Topics

MemoryFile workflow - should closing a dataset close the memfile?


Dion Häfner <dion.haefner@...>
 

You can use [contextlib.ExitStack](https://docs.python.org/3/library/contextlib.html#contextlib.ExitStack) in situations like these to save indentation levels (or enter multiple contexts in a comprehension).

On 29/07/2019 09.45, ronipay via Groups.Io wrote:

Thanks for the reply Luke!

A context manager would work, but it's ergonomically annoying, no? I have a several functions I would like to pipe, each returning a raster. In that case I will have a lot of nested with statements:

with do_something1(ds1) as ds2:

    with do_something2(ds2) as ds3:

        with ...


Currently my solution was to change MemoryFile to NamedTemporaryFile, which solves the memory leak issue at the expense of some speed (but it's not terrible when you have an SSD).


ronipay@...
 

Thanks for the reply Luke!

A context manager would work, but it's ergonomically annoying, no? I have a several functions I would like to pipe, each returning a raster. In that case I will have a lot of nested with statements:

with do_something1(ds1) as ds2:

    with do_something2(ds2) as ds3:

        with ...


Currently my solution was to change MemoryFile to NamedTemporaryFile, which solves the memory leak issue at the expense of some speed (but it's not terrible when you have an SSD).


Luke
 

You could use a context manager to clean it up automatically:

from contextlib import contextmanager
 
import rasterio
from rasterio import MemoryFile
 
@contextmanager
def mem_raster(data, **profile):
    with MemoryFile() as memfile:
        with memfile.open(**profile) as dataset_writer:
            dataset_writer.write(data)
 
        with memfile.open() as dataset_reader:
            yield dataset_reader
 
 
#setup, get data from somewhere, copy or create profile etc...
 
with mem_raster(data, **profile) as ds:
    do_something_with(ds)
 
# the memfile is cleaned up after exiting the with context


ronipay@...
 

Hey all,

I have a general workflow which causes a memory leak. I have several functions which receive 1 or more rasters, perform some operations, and return a MemoryFile based raster, on which I perform other operations, which may also return a memory based raster, etc.

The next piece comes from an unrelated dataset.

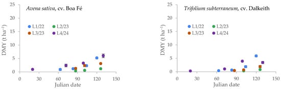 In general, DMY increased from the first to the final cut, except for the two broad bean cultivars, particularly cv. Favel in the L1/22 combination and the subclover in the L4/24 combination. The increase in the DMY over the growth cycle is a direct consequence of the plants’ phenological development and growth, which continued to progress until the final biomass cut, close to full flowering/first pod visible. This outcome aligns with typical findings in studies evaluating the DMY over time [36,37,38]. Under the L1/22 growing condition, the broad beans displayed a low DMY. They exhibited symptoms of leaf burn, possibly due to high soil acidity, with a pH level (4.9) below the recommended range for this species [39,40]. Although limited information is available on the pH adaptability of the cultivars used in this study, the DMY was markedly compromised, with no other apparent cause. It appears advisable for future research to consider this variable, particularly given that soils in Portugal [4,22] and globally [6,7] are predominantly acidic. The subclover used in this study (Dalkeith) is an early-maturing cultivar [41]; therefore, unlike other legumes, it did not fully benefit from the wetter spring of 2024. This year, its peak productivity was reached by the penultimate cut.
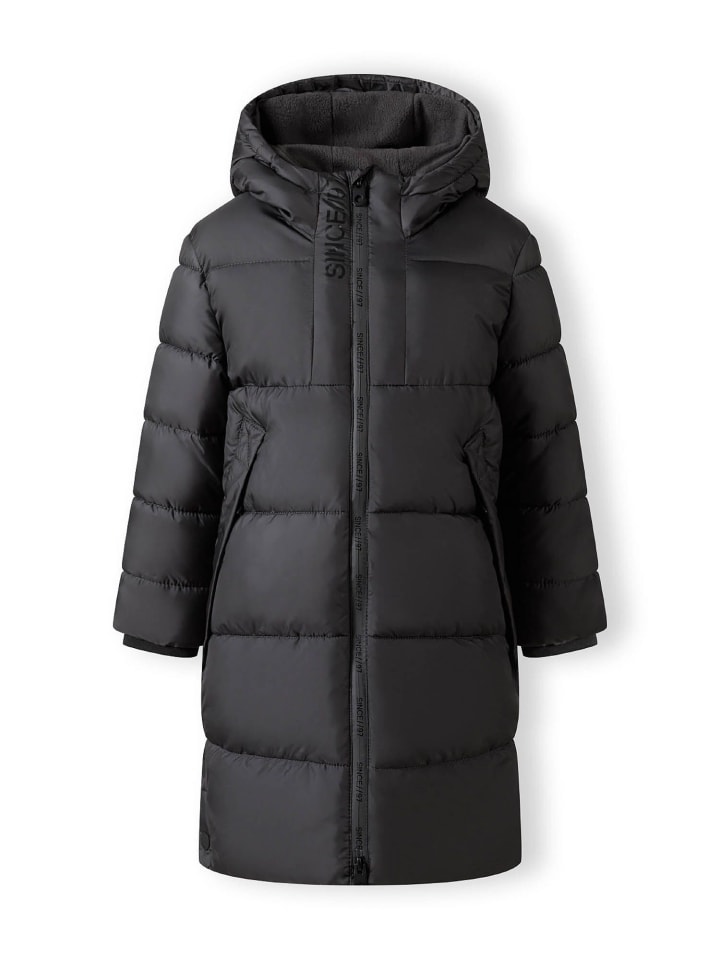 - Длинная утепленная куртка с двусторонней молнией и модным принтом.

Closing this raster (or deleting the object) does not free the MemoryFile memory. So for now I have to propagate the memfile to all consumer functions which is annoying, not ergonomic, and prone to mistakes.

I'm familiar with rioxarray which might be useful, but we have a lot of code based on pure rasterio.

What is the best way to deal with this? Is it possible to create a specialized DatasetReader/DatasetWriter which closes the memory file on __del__?

Thanks